(The data begins)
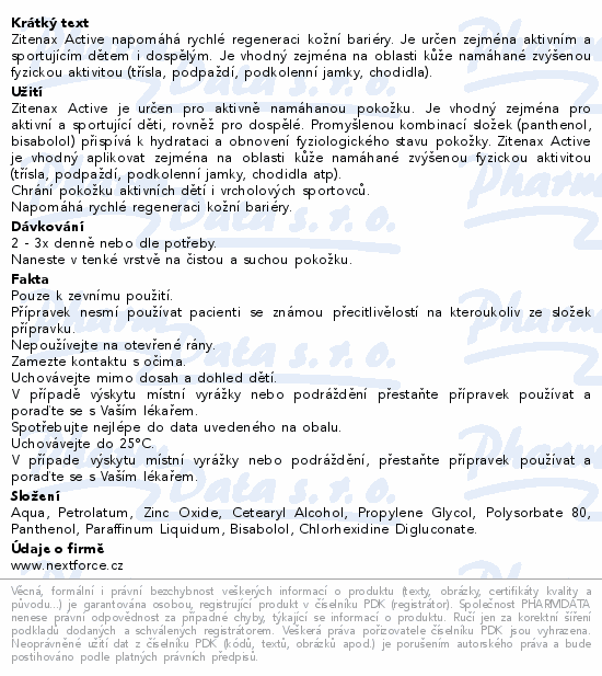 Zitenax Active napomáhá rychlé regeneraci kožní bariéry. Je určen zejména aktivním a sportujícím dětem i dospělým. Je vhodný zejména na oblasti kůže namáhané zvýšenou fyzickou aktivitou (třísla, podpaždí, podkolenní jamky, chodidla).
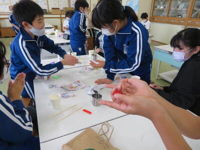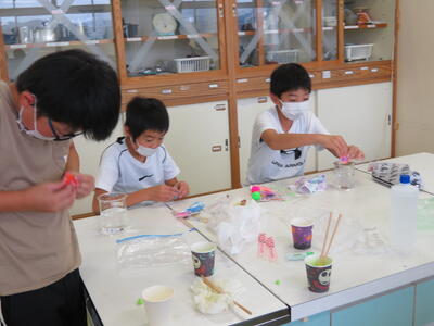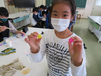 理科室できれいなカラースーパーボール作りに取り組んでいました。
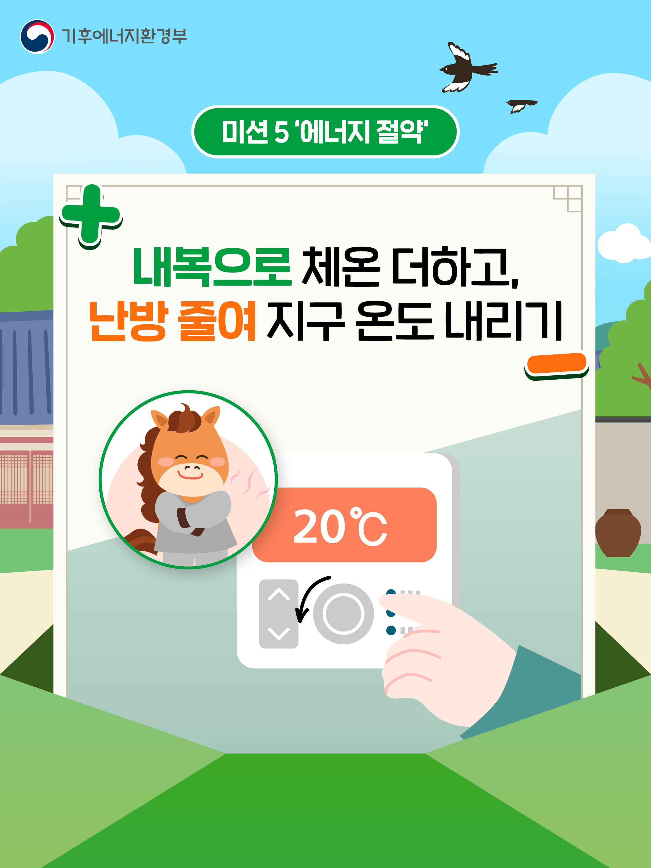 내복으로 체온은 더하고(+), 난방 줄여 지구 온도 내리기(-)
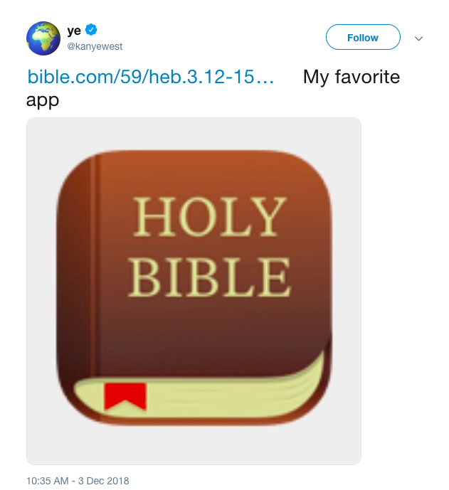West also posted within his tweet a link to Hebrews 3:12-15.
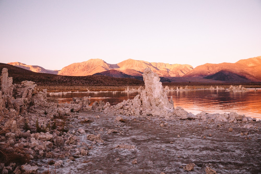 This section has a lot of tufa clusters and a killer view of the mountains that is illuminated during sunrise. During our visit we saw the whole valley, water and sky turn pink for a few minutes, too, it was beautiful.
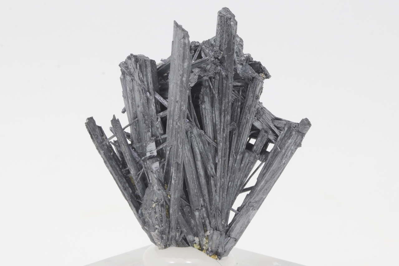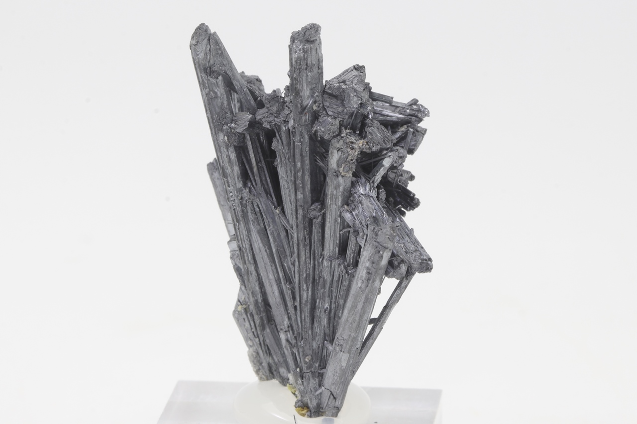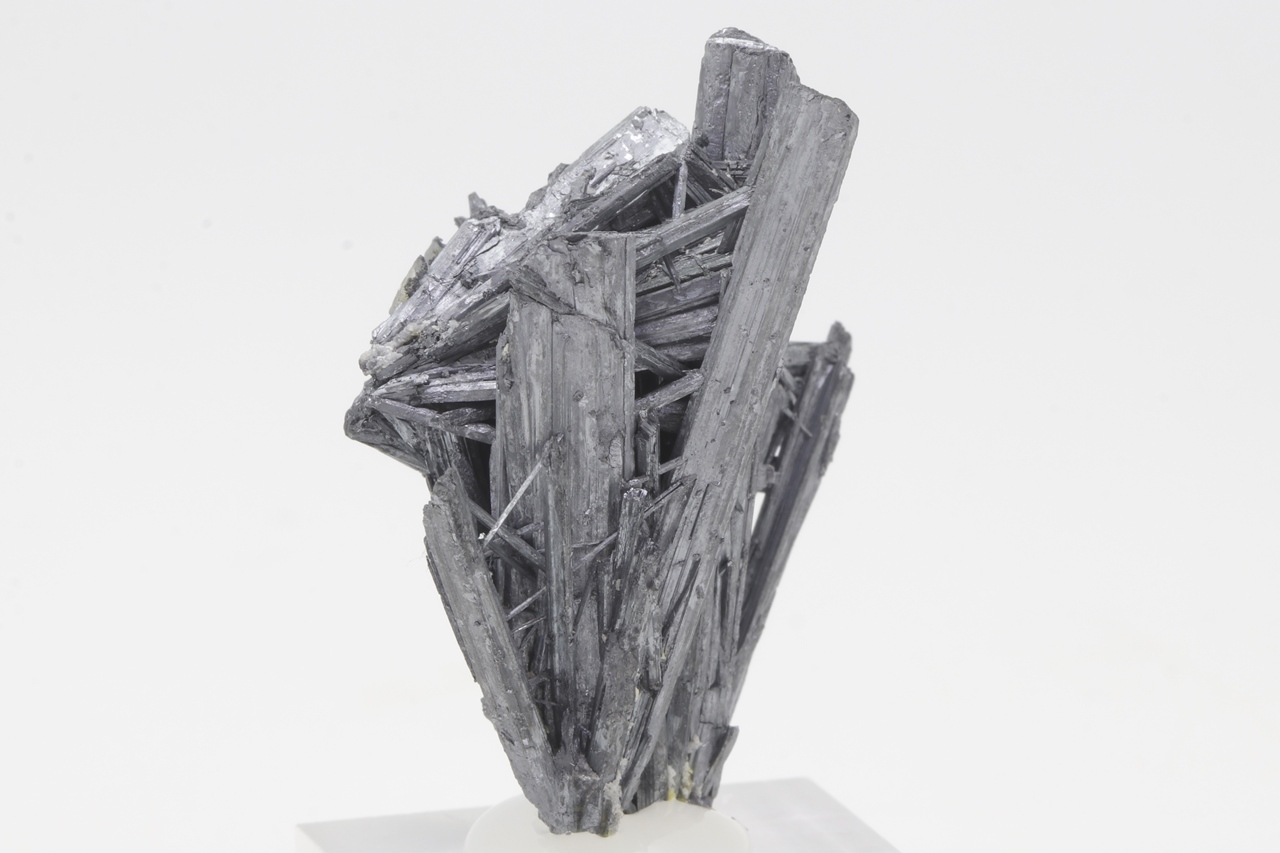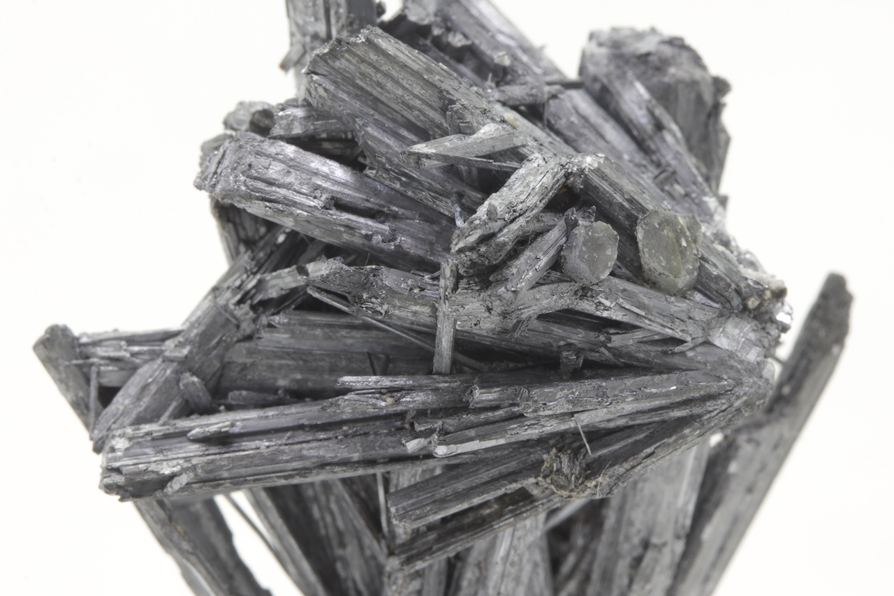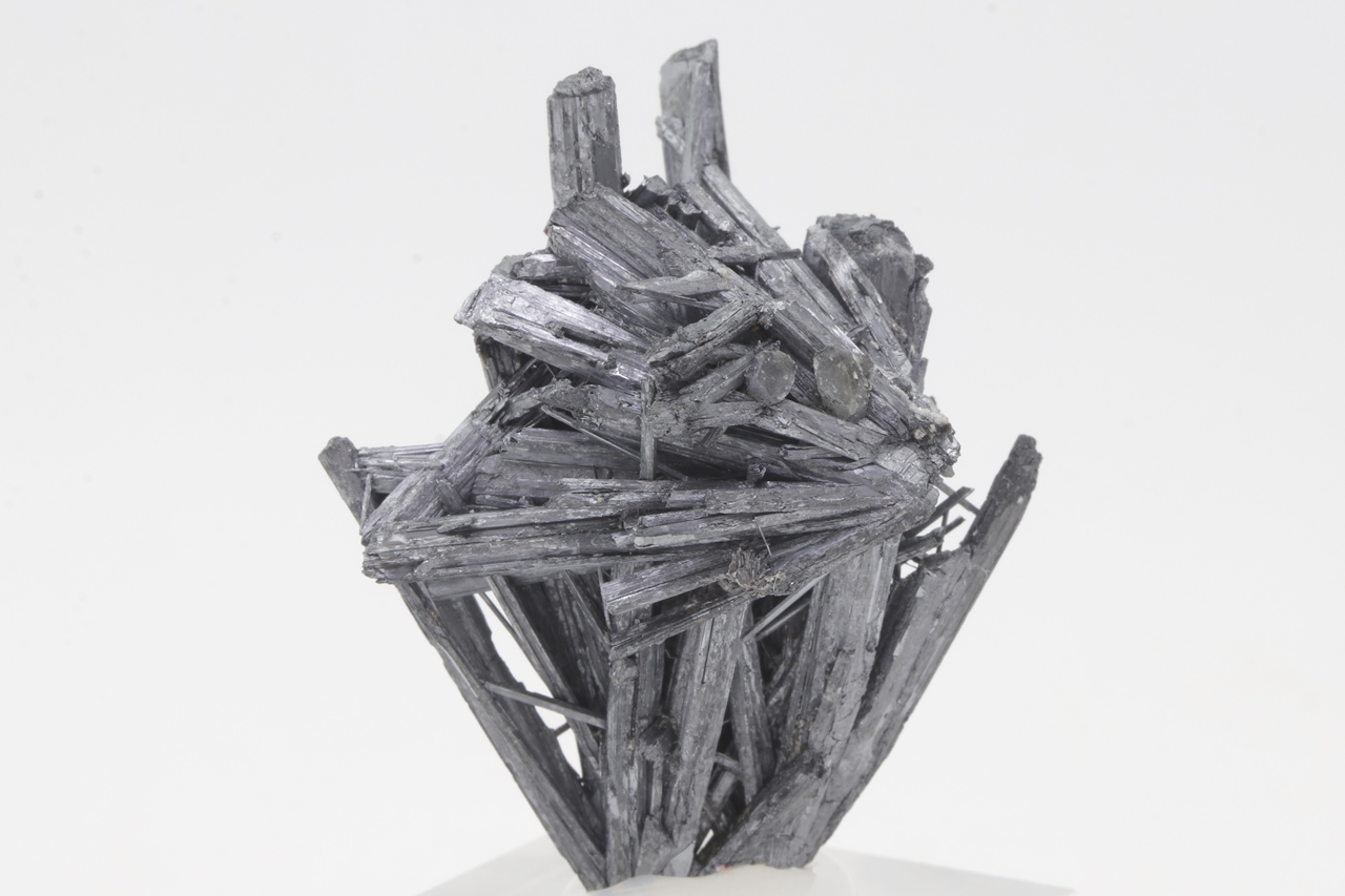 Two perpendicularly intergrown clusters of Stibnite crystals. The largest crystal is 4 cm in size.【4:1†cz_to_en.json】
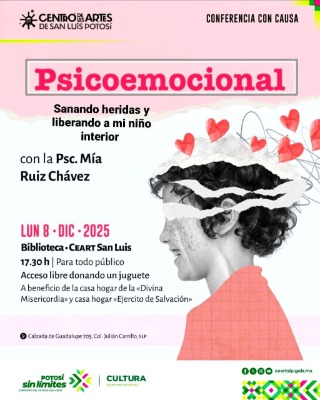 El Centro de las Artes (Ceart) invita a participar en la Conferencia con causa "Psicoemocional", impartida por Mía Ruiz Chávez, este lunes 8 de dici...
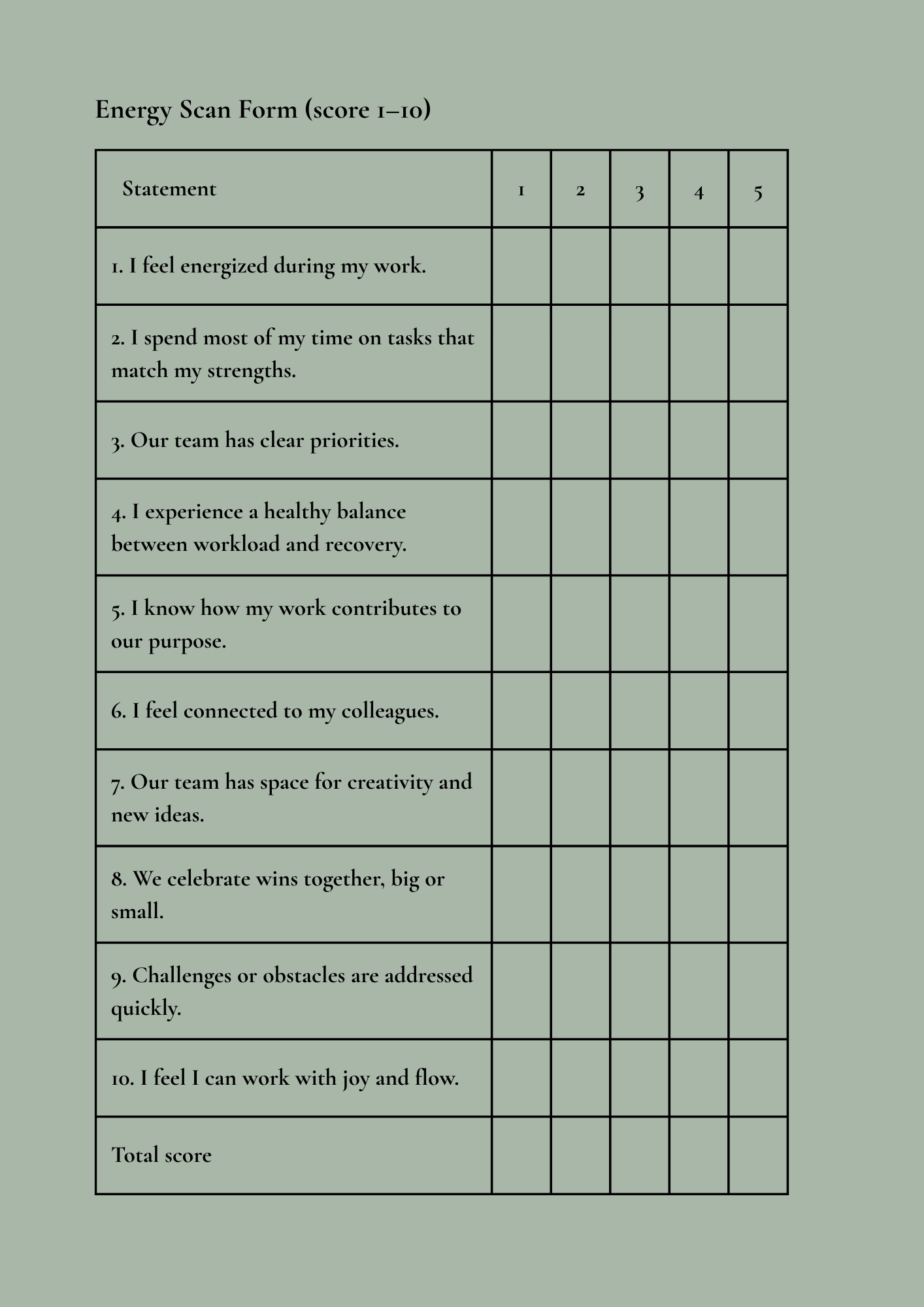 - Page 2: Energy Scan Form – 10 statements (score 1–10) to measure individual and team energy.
(The data ends)
## [What you have to do]
In the copy, include each line from the start of the material through the line with "West also posted", word for word, but none of the pictures.

## [Answer to the problem]
 Zitenax Active napomáhá rychlé regeneraci kožní bariéry. Je určen zejména aktivním a sportujícím dětem i dospělým. Je vhodný zejména na oblasti kůže namáhané zvýšenou fyzickou aktivitou (třísla, podpaždí, podkolenní jamky, chodidla).
 理科室できれいなカラースーパーボール作りに取り組んでいました。
 내복으로 체온은 더하고(+), 난방 줄여 지구 온도 내리기(-)
West also posted within his tweet a link to Hebrews 3:12-15.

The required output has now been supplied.